▶ [TRY IT]
Without the pictures, return each record as it appears.

(Source data)
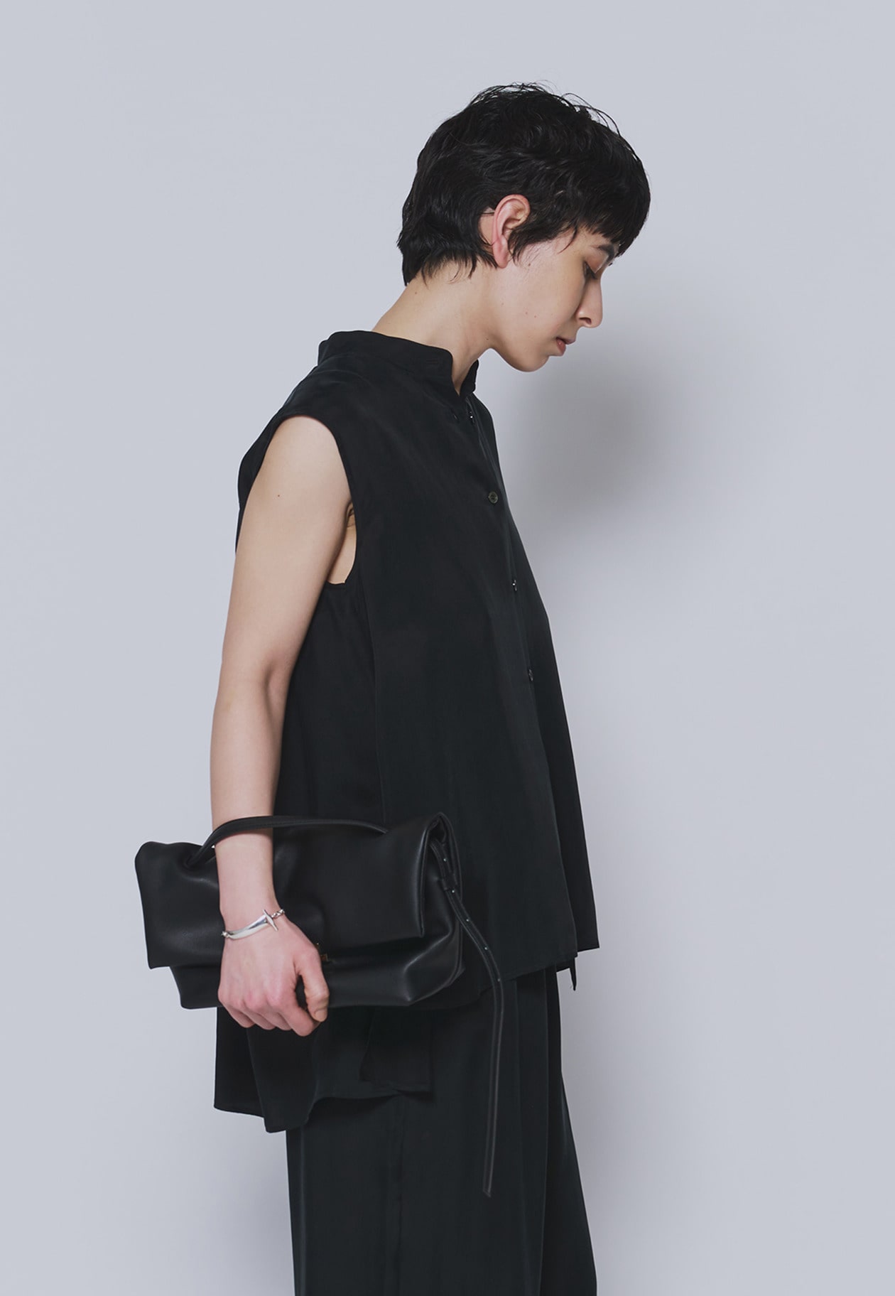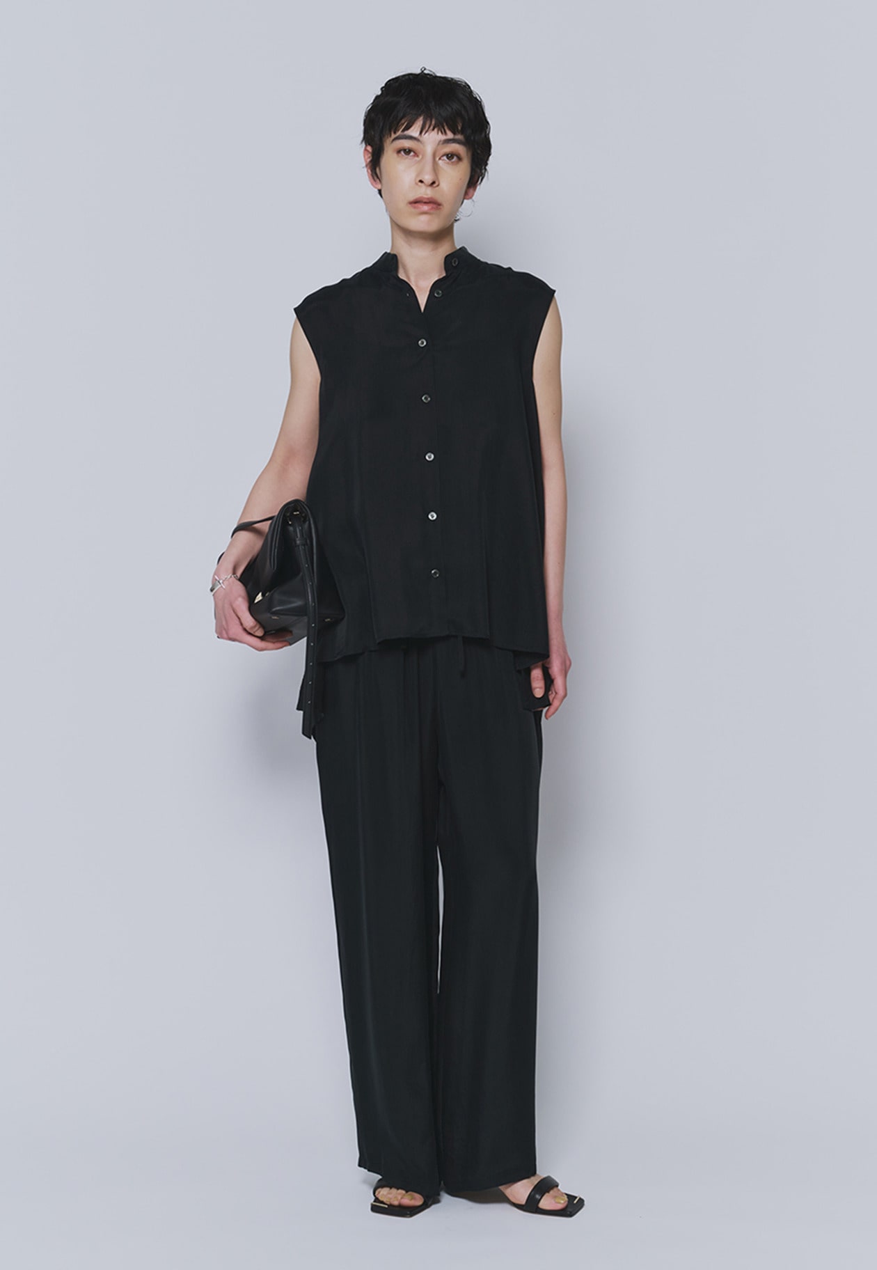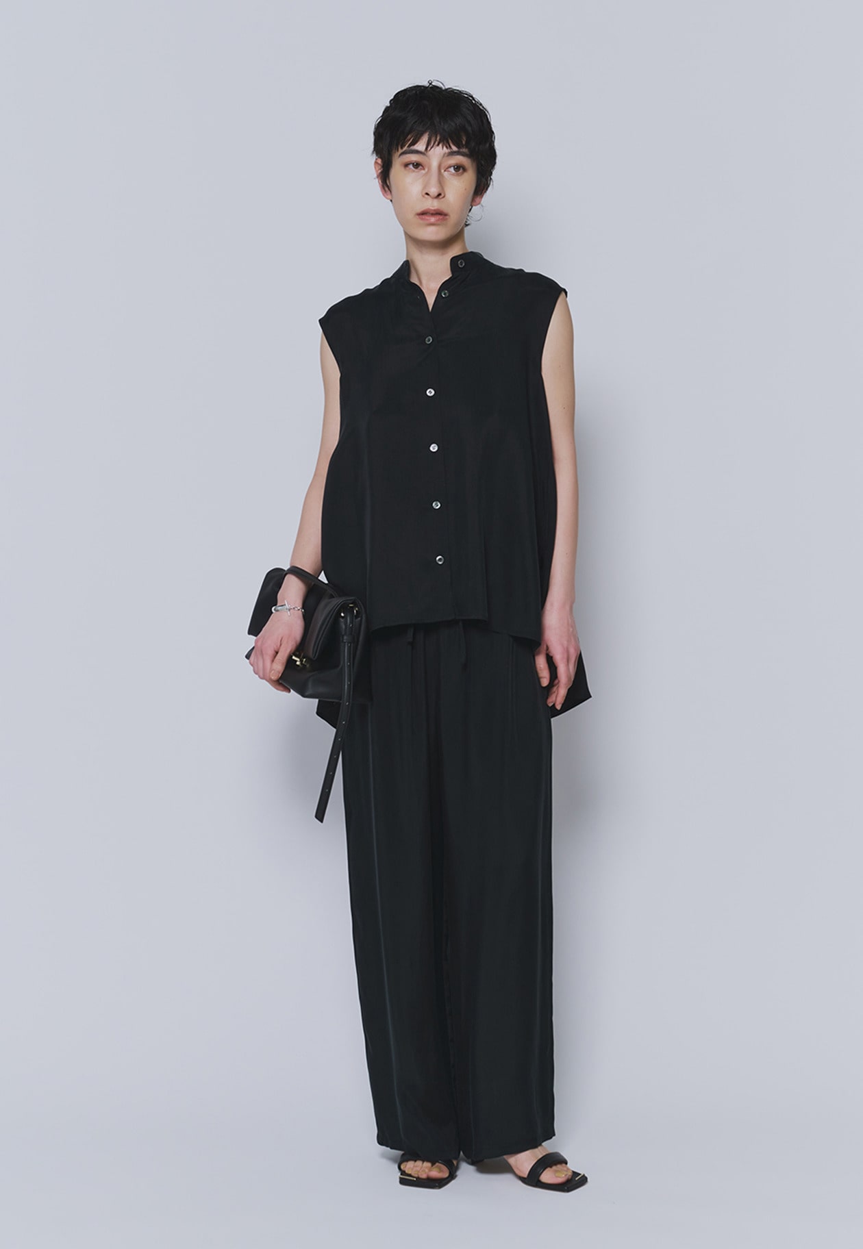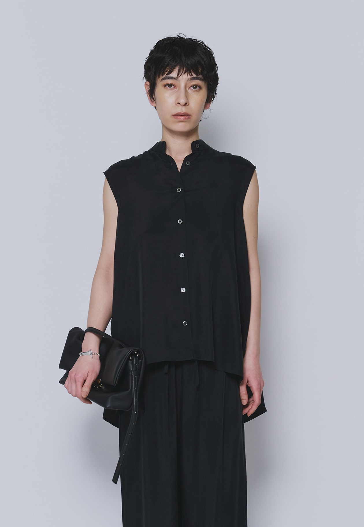マットな光沢ととろみのあるキュプラ素材を使用した、フレンチスリーブのスタンドカラーブラウス。
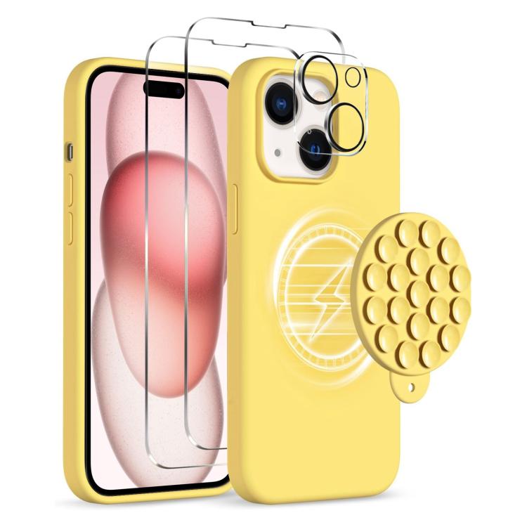 For iPhone 15 Silicone Suction Cup MagSafe Phone Case with Screen Film & Lens Film(Yellow)
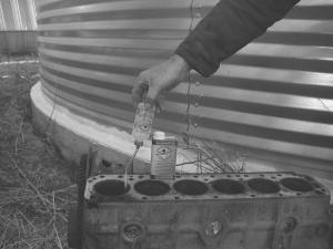 The first engine I tried it on was a well-rusted block from a Ford 6000 tractor. This block was stripped except for the one piston and rod that a mechanic friend had been unable to drive out with a hammer six years ago. It had lain on its side outside since the last attempt.
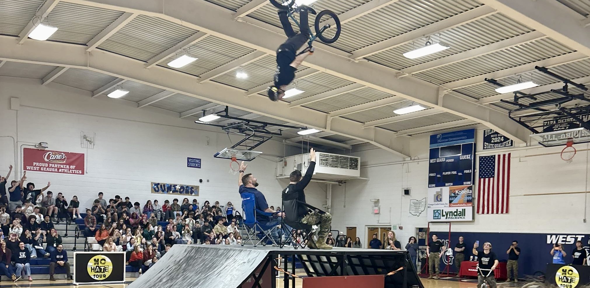 The No Hate Tour rolled into West Geauga High School, bringing with it a team of top BMX professionals and a high-energy, interactive program focused on bullying prevention and awareness. West Geauga was proud to be one of the stops on the national tour, as the performers delivered a powerful message in a creative way that both resonated with and entertained students.
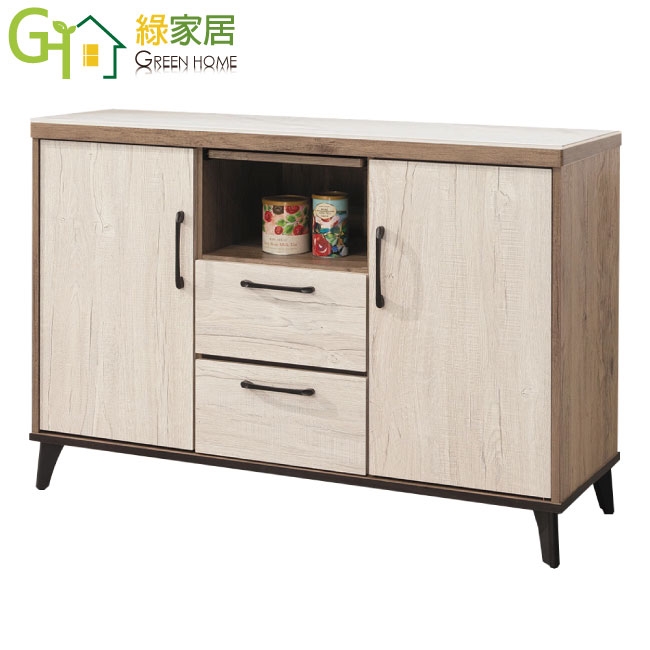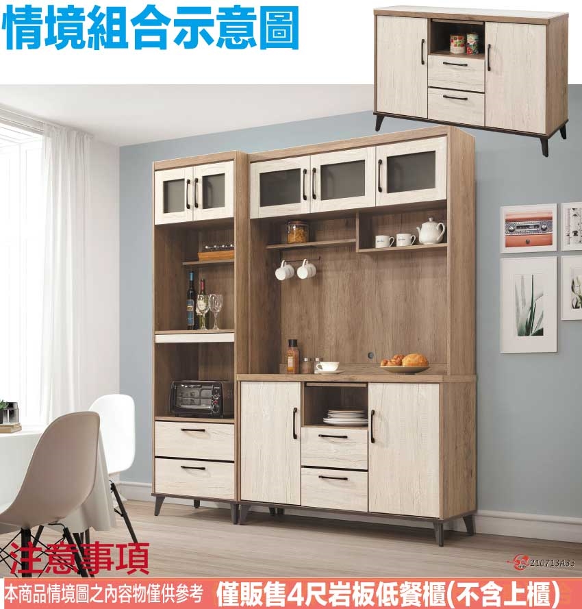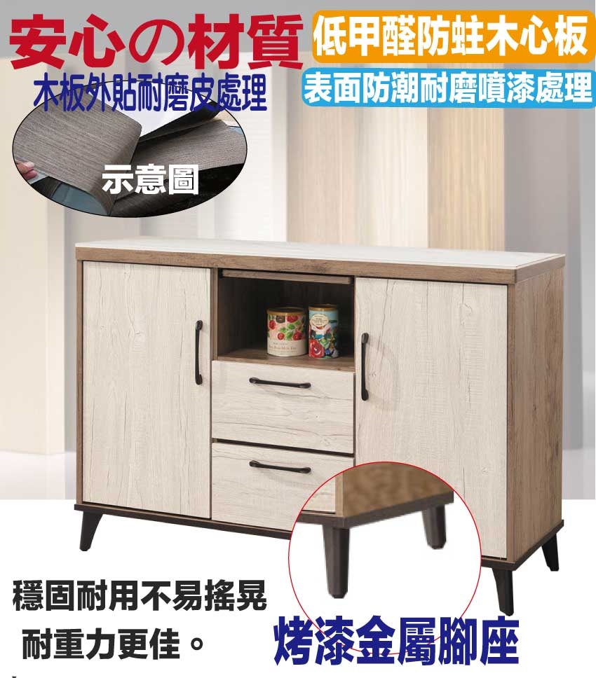 ★偏遠地區需額外加收運費,下標請先問與答詢問★ ★下訂前注意 由於商品流動較快,下訂前請先詢問是否有貨在下訂喔~★ 【綠家居】歐利岩板4尺二門二抽低餐櫃 木紋雙色系+安心材質製造,使用放心+搭配居家更便利,採用防蛀木心板+五金滑軌結構+烤漆五金腳座+12mm高硬度岩板桌面板等安心材質製造 ,外層採用防潮耐磨噴漆處理搭配採用開門櫃+二抽屜+開放層格+拉盤層架等收納空間設計,全由專人配送到家,專業安心服務,替你省下更多時間!

▶ [ANSWER TO THE PROBLEM]
マットな光沢ととろみのあるキュプラ素材を使用した、フレンチスリーブのスタンドカラーブラウス。
 For iPhone 15 Silicone Suction Cup MagSafe Phone Case with Screen Film & Lens Film(Yellow)
 The first engine I tried it on was a well-rusted block from a Ford 6000 tractor. This block was stripped except for the one piston and rod that a mechanic friend had been unable to drive out with a hammer six years ago. It had lain on its side outside since the last attempt.
 The No Hate Tour rolled into West Geauga High School, bringing with it a team of top BMX professionals and a high-energy, interactive program focused on bullying prevention and awareness. West Geauga was proud to be one of the stops on the national tour, as the performers delivered a powerful message in a creative way that both resonated with and entertained students.
 ★偏遠地區需額外加收運費,下標請先問與答詢問★ ★下訂前注意 由於商品流動較快,下訂前請先詢問是否有貨在下訂喔~★ 【綠家居】歐利岩板4尺二門二抽低餐櫃 木紋雙色系+安心材質製造,使用放心+搭配居家更便利,採用防蛀木心板+五金滑軌結構+烤漆五金腳座+12mm高硬度岩板桌面板等安心材質製造 ,外層採用防潮耐磨噴漆處理搭配採用開門櫃+二抽屜+開放層格+拉盤層架等收納空間設計,全由專人配送到家,專業安心服務,替你省下更多時間!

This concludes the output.